这不挺有人性的吗?还天天拿自己标榜万能工具,明明就是个心智还没成熟的小孩。身份证比他大三岁,心理年龄估计比他小三岁。
“哼!”亚提拉双手抱胸,恶狠狠地盯着奇犽,“以后不请你吃饭了!一想到你吃了我的饭长高,我心里不得劲!”
小杰在旁边终于忍不住笑出了声。那笑声不大,但在安静的巷子里显得格外清脆。
他刚才一直没说话,他一直在观察,观察人类观察人性。虽然刚刚有几个时刻他应该及时出来踩刹车的,但他看入迷了,仿佛今天第一次认识亚提拉。这两个人吵架的样子,像极了他在森林里见过的两只松鼠——互相龇牙,谁也不让谁,但谁也没有真的咬下去。
“笑什么笑!”亚提拉和奇犽异口同声,然后同时愣了一下,又同时别过脸去。大概都觉得没面子,命运太有戏剧性了,尤其还碰上奶牛猫这个神经刀演员。
“你们俩,”小杰指了指亚提拉,又指了指奇犽,“好像啊。”
“谁像啊!”又是异口同声。
亚提拉气到跺脚,奇犽则是冲过来揉他的脑袋。
“好痛啊奇犽!”
看来他先前的担忧可以落地了,米特阿姨说“要认识一个人就要看对方讨厌什么”,现在他认识了奇犽,也认识了亚提拉。米特阿姨还说“吵架吵到最后还在纠结鸡毛蒜皮的人,根本吵不散。”,就像他之前和奇犽一样,奇犽和亚提拉也不会吵散。
他们会做一辈子的好朋友。
那么接下来就解决一下好朋友之间的问题吧。
这个“拿捏奶牛猫”计划是他和奇犽一起商量的,为的就是不让亚提拉一条路走到黑。奇犽一开始不是很想牵扯进去,但念在亚提拉确实对他们有恩情,就松口加入了这个计划,并且贡献了很有人性灰度的套路。
可怜的亚提拉就这样被一个天然黑和白切黑玩弄于股掌之间,她在人性方面的亏永远吃不完。永远吃一垫吃一垫吃一垫,永远有新招式等着她。
“怎么了小杰?”亚提拉被小杰大眼萌攻击看的不自在,挠挠梨涡,“你有什么想说的吗?”
“我们要做一辈子的好朋友!”小杰先抛出真诚的结论给亚提拉定心。
“啊?一生?”为什么这里会串台到少女乐队频道啊?
“这么快就决定一辈子的事情真的好吗?”亚提拉觉得一生的承诺还是太沉重的,到时候物是人非了回忆起来只会更加伤感。
“那大家要注意身体注意安全了。”奇犽接受了这个想法并且思考规划起来。
“诶?什么时候?”他们什么时候有这种共识了?没通知她啊!
奇犽把脸别过去的那几秒,亚提拉的脑子里已经把前因后果串了一遍。
她想起小杰全程的沉默。想起奇犽那句“我们之间的信任已经分崩离析了”说得太顺,像背过好几遍的台词。想起他最后那个“今后再也不要和我扯上关系”,语气冷得很刻意——字正腔圆,情感饱满,唯独缺了那么一点“真的想绝交”的咬牙切齿。
不对劲。她被做局了。
“你们……”她抬起头,目光从奇犽脸上移到小杰脸上,又从那边移回来。两个人被她看得同时偏了偏头——一个向左,一个向右,四十五度仰望天空,不是天生忧郁就是心里有鬼。
他们绝对是心虚了。
“刚刚是不是在演我?”
小杰先绷不住了。他挠挠后脑勺,露出一个“被发现了”的憨笑,笑容底下有松了一口气的释然。
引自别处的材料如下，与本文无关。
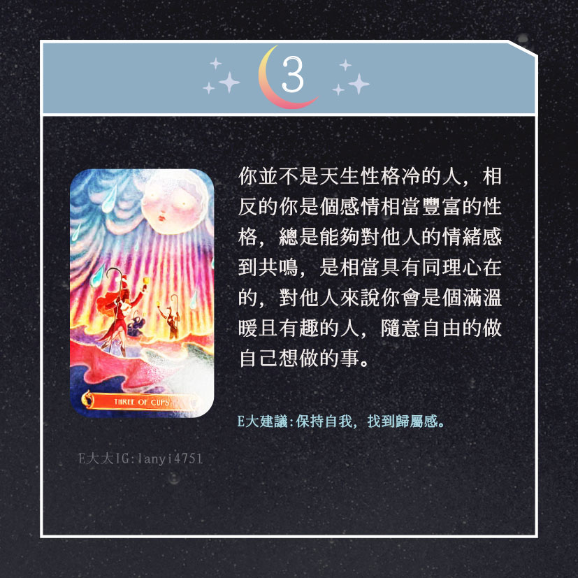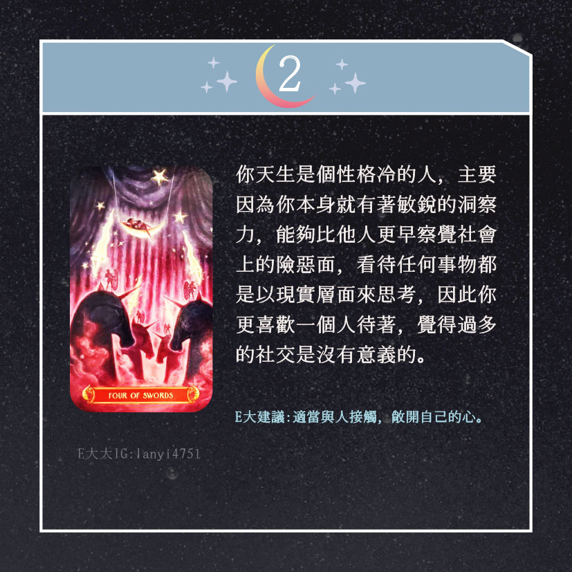 嗨~我是E大,歡迎你來到我的塔羅世界,創立這個平台主要是為了讓更多人對塔羅牌產生興趣,並且能透過牌卡找到自己人生方向。歡迎關注追蹤我囉!https://linktr.ee/lanyi4751

“亚提拉姐姐,对不起。”他说,语气真诚得让人没法生气,“但是奇犽说得对,不这样你根本不会说实话。”
小杰就这么供出了同伙。亚提拉看向奇犽,用眼神剜了他一眼。
奇犽把手插回口袋,别过脸去,耳尖那点红还没退。过了几秒,他才开口,声音不大,像在跟自己解释:“……嗯,对。”
亚提拉盯着他:“为何你要多管闲事?”
明哲保身才是揍敌客的教育吧?他们到底知不知道自己牵扯进了什么因果?她没底气护他们周全,她已经泥菩萨过河自身难保。她也开始反思,自己当初或许不该找主角团搭话,不该产生联系。当初是抱着利用的心理,现在感情深了,她就舍不得了。舍不得连累他们。
“因为你是我们的朋友啊。”小杰替奇犽回答了,语气理所当然得像在说“太阳从东边升起”。
亚提拉张了张嘴,想说“你们知道朋友意味着什么吗”,想说“你们知道跟我扯上关系会有什么后果吗”,想说“我不是什么好人,你们离我远点”——但这些话到了嘴边,全变成了一个很轻的、几乎听不见的叹息。
“你们什么时候商量的?”她揉揉自己的眉心,她对奇犽还有些许防御和竞争意识,对小杰这个天然黑完全没有准备。
小杰和奇犽对视了一眼。奇犽点点头,小杰便开口了。
“从天空竞技场分开之后,我们一直在想,亚提拉姐姐为什么总是把‘交易’挂在嘴边。”小杰的语速不快,但条理比平时清晰很多,显然这些话他已经想了很久,“明明你给我们做饭、帮我们找云谷师父、陪我们修行——这些事情都不是交易。但你每次都要硬说成交易。”
“好像不说成交易,你就会觉得不安心。”
“后来你没跟我们一起回鲸鱼岛。”小杰继续说,“奇犽说,你肯定遇到了麻烦,而且不是普通的麻烦,他在巴特拉先生那里就觉得气氛不对劲了。但是你觉得不能告诉我们、怕连累我们。”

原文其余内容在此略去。